Poverty in Nglanggeran is attributed to the economic system’s poverty factors, as evidenced by the circumstances; unequal land ownership contributes to meagre income and small-scale production. Additionally, land tenure is generally inadequate, as are control and access to production inputs, including capital (both material and intellectual capital). Given the substantial expenses involved and the fact that 90% of farmers are unable to sell their produce directly to consumers or the market, additional value must be ‘relinquished’ to other parties with direct access to the market. Reliance on imported goods, both food and non-food, has a negative impact on public consumption, particularly when such goods are locally producible.
The issue of poverty among the villagers cannot solely be deduced from the aforementioned facts but should be contextualised within a framework of relationships with economic entities that have gained ‘profit’ through the enhancement of production and distribution.
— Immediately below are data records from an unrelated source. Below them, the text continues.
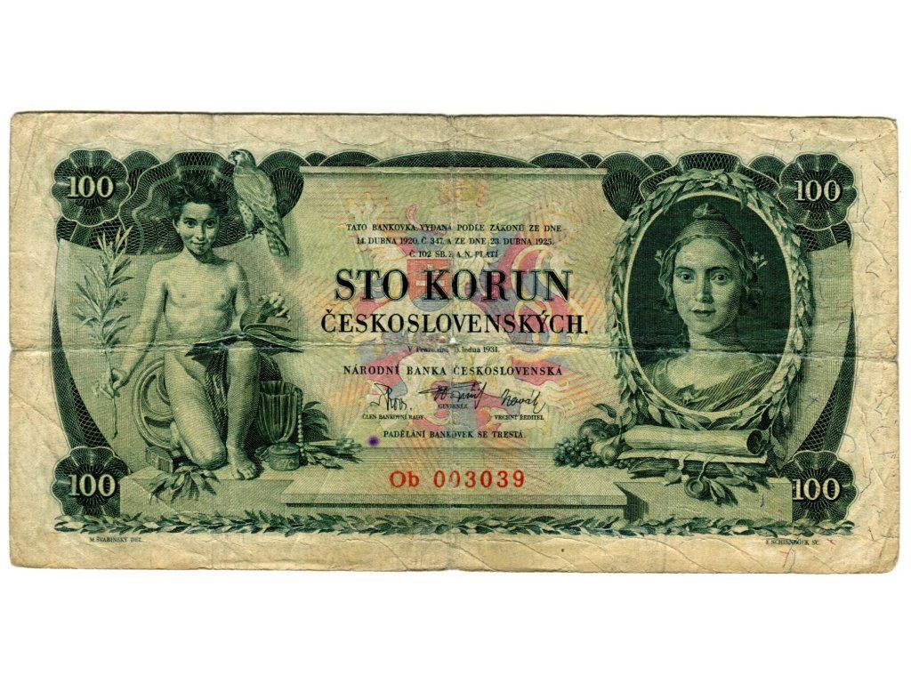 ČESKOSLOVENSKO. 100 korun 1931. Série Ob. Nov. 23b.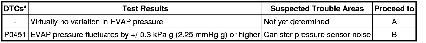 If any EVAP system DTCs are output, the malfunctioning area can be determined using the table below.
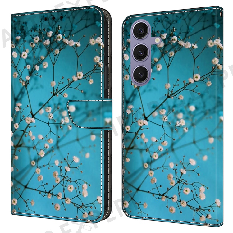 For Samsung Galaxy S25+ Case Pattern Printed Protective Cover TPU+PU Leather Flip Phone Case - Flower Branch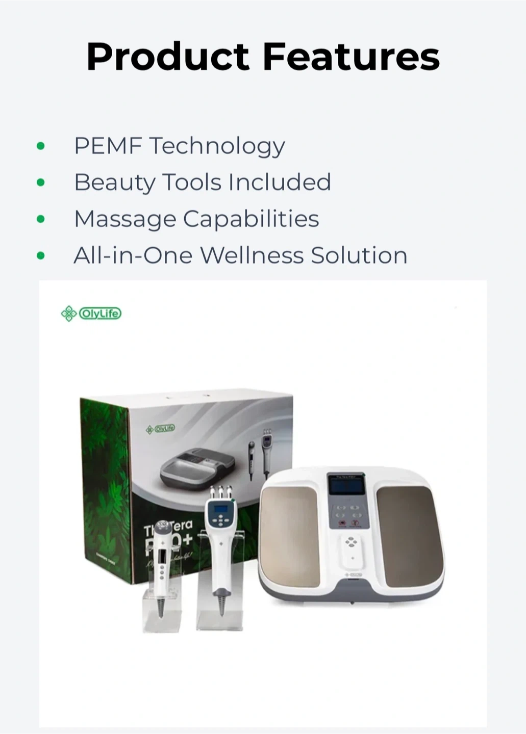 This Olylife Tera P90 Plus device utilizes PEMF & Terahertz technology for cellular repair and improved microcirculation. It also features the Frost Age Beauty Device for skin elasticity and muscle engagement, along with a Revitaluxe Massager for nerve and muscle soothing. Message for free consultation and trial.

Transforming Nglanggeran: The Application of Commons Governance in Practice
It is imperative to acknowledge that the conditions prevailing in 2016 and today vary significantly from those encountered during the initial fieldwork in 2009. Nglanggeran village’s CBT has gained widespread popularity throughout Indonesia, with numerous government officials, non-government activists, community organisations and large private sector and state enterprises selecting this location for comparative studies. Further, hundreds of thousands of individuals visit the village to appreciate its natural splendour, scale its ancient mountain peaks and witness cultural events. Notably, the governance in Nglanggeran village is deemed democratic and a model for governing the commons. Nglanggeran was awarded the ASEAN Sustainable Tourism Award in Chiang Mai, Thailand by the ASEAN Tourism Forum in January 2018, demonstrating that the application of the commons theory can be used as a learning resource for numerous parties. In this regard, our present study work functions as a ‘model test’ to assess the degree to which the depiction of commons governance develops in the village, as expressed in CBT.
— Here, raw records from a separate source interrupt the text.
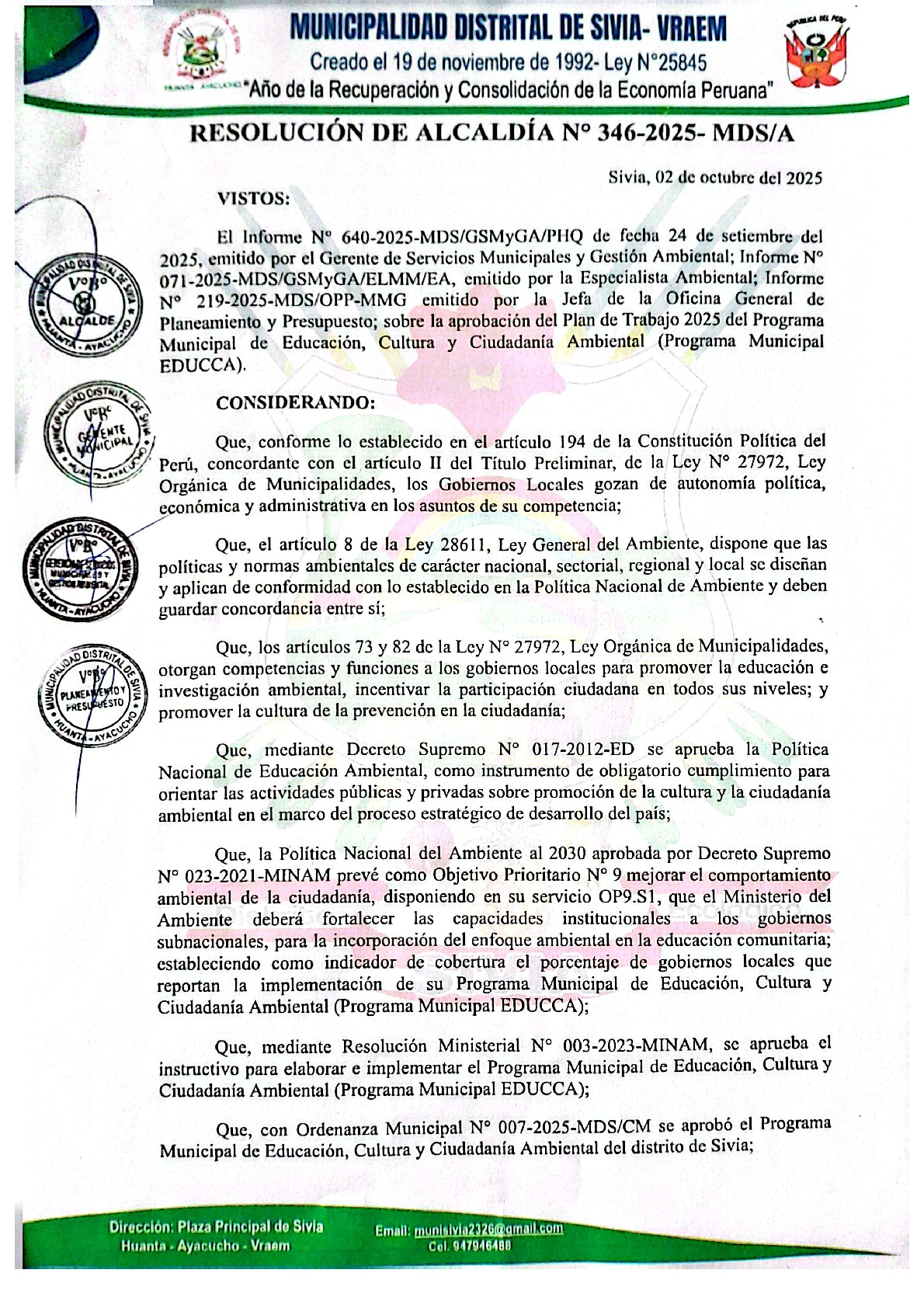 La presente Resolución de Alcaldía aprueba el Plan de Trabajo 2025 del Programa Municipal de Educación, Cultura y Ciudadanía Ambiental de la Municipalidad Distrital de Sivia - Huanta (Ayacucho), con la finalidad de definir las actividades de educación, cultura y ciudadanía ambiental que se desarrollarán en la localidad durante el presente año.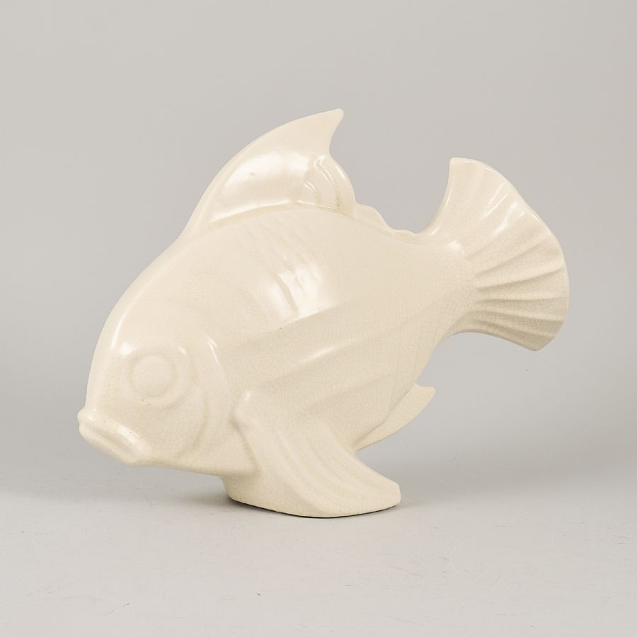 LeJan, Belgien, 1900-talets första hälft. Skulptur i form av fisk. Glaserad keramik med krackelyrer. Höjd: 31 cm. Längd: 40 cm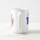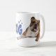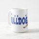 Cette tasse à café canine amusante comporte un chien chiot de Bulldog anglais brun et blanc avec Bulldog imprimé dans une police de coeur bleu et audacieuse surlignée d'un arrière - plan blanc immaculé.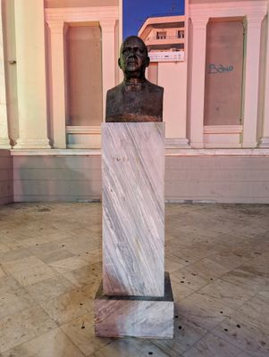 Bust of Aimilios Veakis, Piraeus, 1979 portrait by N. Perantinos, Piraeus Municipal Theater, Greece

In this section, we discuss three main topics. First, we present the positive outcomes of commons governance, expressed in the form of CBT. Second, we describe the institutional factors that drive the success of commons governance, which have been analysed by applying the polycentric theory of Ostrom. This theory focuses on the analysis of the organisation’s workings and the operation of the rules of play in society. The last part of this section delves into the decision-making process, which is a crucial aspect of effective governance practices. By exploring these topics, we hope to gain a better understanding of how commons governance can be effectively implemented and sustained.
Transformation Outcome
Commons governance, as one of the main objectives that increase the collective bargaining power of people, was primarily applied through institutional governance, which was creatively handled by young pioneers by integrating and collaborating socio-economic activities of the people. From the overall evaluation record, we argue that this innovation has led to socio-economic improvements, which means it has become difficult now to attach the ‘poor village’ label to Nglanggeran village. In fact, the village has become known as one of the favourite places in the Greater Area of Gunungkidul.
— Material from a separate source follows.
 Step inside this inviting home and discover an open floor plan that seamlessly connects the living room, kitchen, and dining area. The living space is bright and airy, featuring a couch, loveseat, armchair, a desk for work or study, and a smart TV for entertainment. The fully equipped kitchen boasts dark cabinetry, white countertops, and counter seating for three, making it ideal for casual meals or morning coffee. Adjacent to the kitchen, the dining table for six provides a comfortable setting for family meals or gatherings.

The data provided reveal a significant increase in tourist footfall to the village over the years. In the first year of the project (2009–2011), there were only 2,400 visitors, but in 2015, this number spurted to 255,000 (Table 3). This growth can be attributed to the implementation of collective bargaining, which has had a positive impact on the village’s economic development. It is worth noting that the number of visitors peaked in 2014, with 326,303 tourists; however, this number has since decreased due to management strategies aimed at limiting the number of visitors to protect the environment.
Visitors in Nglanggeran, 2007–2015.
Notably, Table 4 reveals a surge in financial turnover over the years 2012 to 2015. In 2013, the turnover rose from IDR 81.2 million to IDR 424.7 million. The following year, it reached IDR 1,422.9 million, and in 2015, it peaked at IDR 1,542 million. Subsequently, the turnover has continued to escalate, with IDR 1,801 million in 2016, IDR 1,963 million in 2017, and IDR 2,527 million in 2018. This revenue can play a vital role in contributing to the local government’s income (PAD), which has been on a positive growth trajectory over the past four years (2014–2018).
Turnover and Contribution to Local Government.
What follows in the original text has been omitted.